Records from a data source:
+-------+

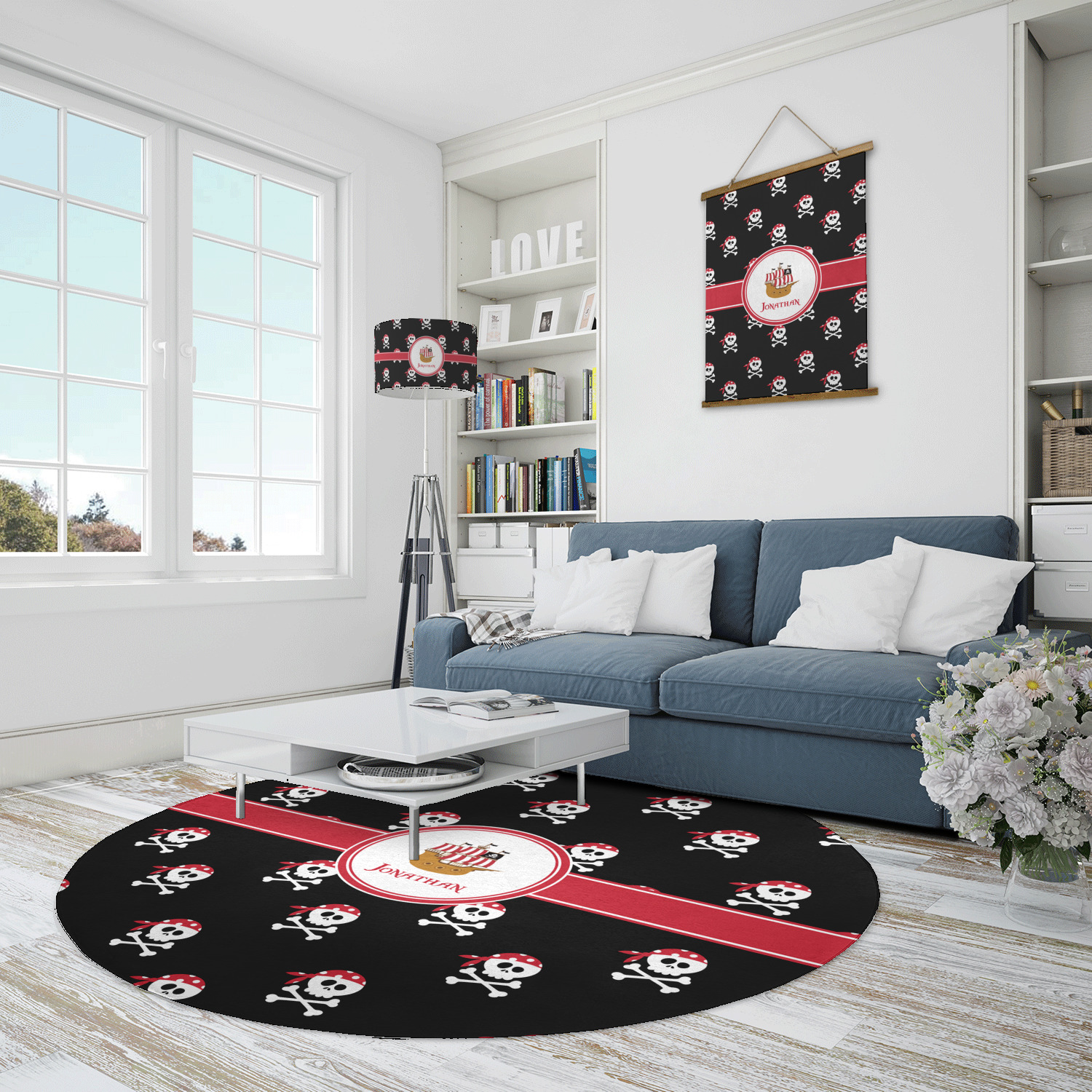 A circle label will have your little pirate imagining he or she is looking through a telescope seeing a pirate ship in the distance. Add personalization to bring this entire design to life.
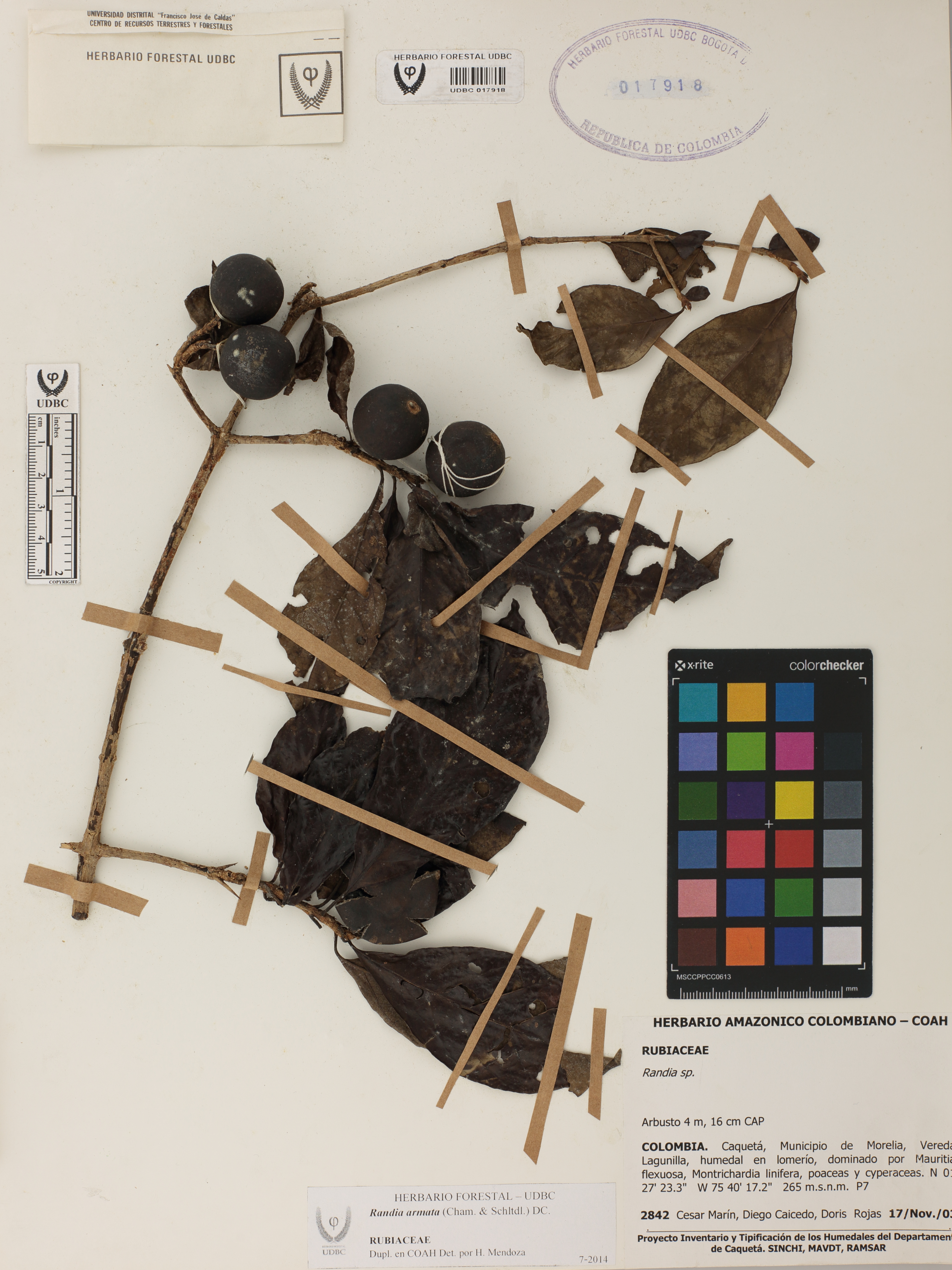 Fotografía del ejemplar Marín, C. 2842, determinado como Randia ferox en el año 2014
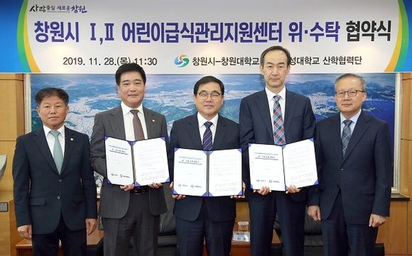 경남 창원시는 지난 28일 창원시Ⅰ, Ⅱ어린이급식관리지원센터 운영을 위해 창원대학교, 창원문성대학교 간 업무협약을 체결했다.
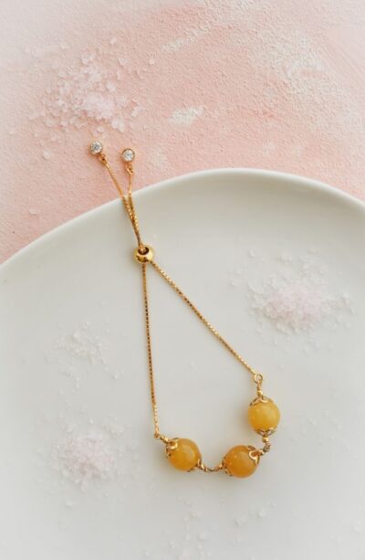 The Ellie bracelet is one piece we recommend in your jewelry box. So dainty and minimal you’ll want to wear it all day. 3 charming yellow amber beads strung together in a beautiful 18k gold chain.
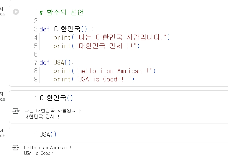 함수를 정의한 뒤에는 함수 이름을 써서 함수를 사용할수 있다. 이것을 함수의 콜링이라고 한다.
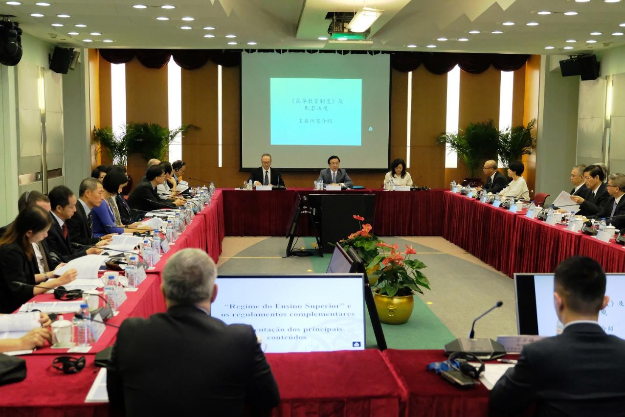 介绍会由谭俊荣司长主持,高等教育辅助办公室主任苏朝晖、副主任何丝雅、曾冠雄参加。谭司长表示,在新制度的规范下,本澳高等院校的管理将会更加严谨、课程的设置及教学将会更具弹性,同时,政府对高等院校的支持将更充足,促使院校的科研以及学术水平等得以全面提升,创设条件促进本地高等教育与国际水平接轨。
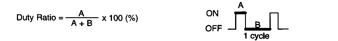 The duty ratio is the ratio of the period of continuity in one cycle. For example, if A is the period of continuity in one cycle, and B is the period of non-continuity.
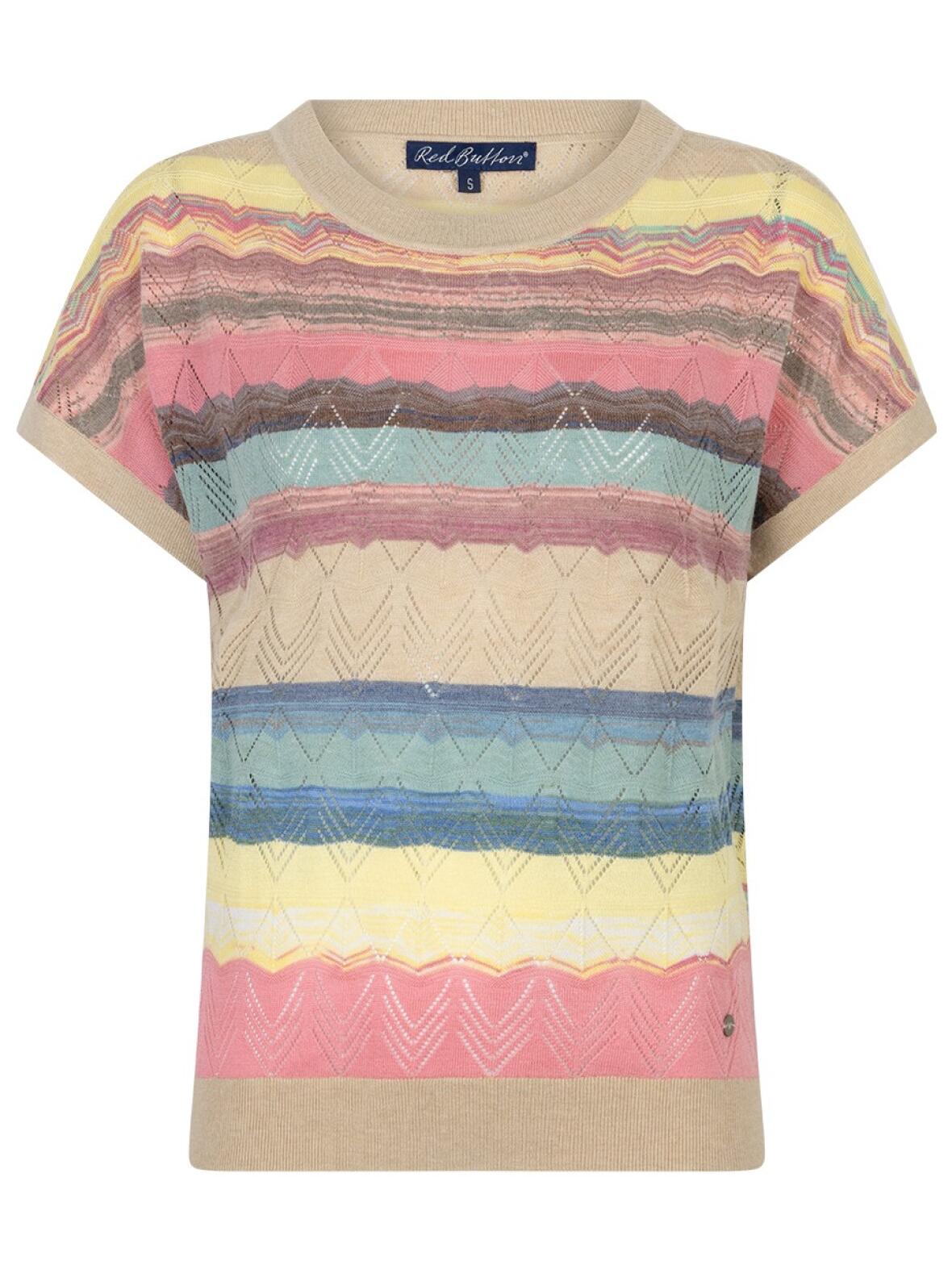 Red Button Jerry strik bluse med rund hals og kort vingeærme. Blusen har ribkant i hals, forneden og i ærmerne og et hulmønstret strik, som giver luft og tekstur. Pasformen er afslappet men feminin, behagelig at have på og velegnet til både hverdag og mere pyntede lejligheder, hvor farverne tilfører en rolig, sommerlig stemning.

+-------+

Only the words belong in your copy: restate the data above exactly and leave the images out.

 A circle label will have your little pirate imagining he or she is looking through a telescope seeing a pirate ship in the distance. Add personalization to bring this entire design to life.
 Fotografía del ejemplar Marín, C. 2842, determinado como Randia ferox en el año 2014
 경남 창원시는 지난 28일 창원시Ⅰ, Ⅱ어린이급식관리지원센터 운영을 위해 창원대학교, 창원문성대학교 간 업무협약을 체결했다.
 The Ellie bracelet is one piece we recommend in your jewelry box. So dainty and minimal you’ll want to wear it all day. 3 charming yellow amber beads strung together in a beautiful 18k gold chain.
 함수를 정의한 뒤에는 함수 이름을 써서 함수를 사용할수 있다. 이것을 함수의 콜링이라고 한다.
 介绍会由谭俊荣司长主持,高等教育辅助办公室主任苏朝晖、副主任何丝雅、曾冠雄参加。谭司长表示,在新制度的规范下,本澳高等院校的管理将会更加严谨、课程的设置及教学将会更具弹性,同时,政府对高等院校的支持将更充足,促使院校的科研以及学术水平等得以全面提升,创设条件促进本地高等教育与国际水平接轨。
 The duty ratio is the ratio of the period of continuity in one cycle. For example, if A is the period of continuity in one cycle, and B is the period of non-continuity.
 Red Button Jerry strik bluse med rund hals og kort vingeærme. Blusen har ribkant i hals, forneden og i ærmerne og et hulmønstret strik, som giver luft og tekstur. Pasformen er afslappet men feminin, behagelig at have på og velegnet til både hverdag og mere pyntede lejligheder, hvor farverne tilfører en rolig, sommerlig stemning.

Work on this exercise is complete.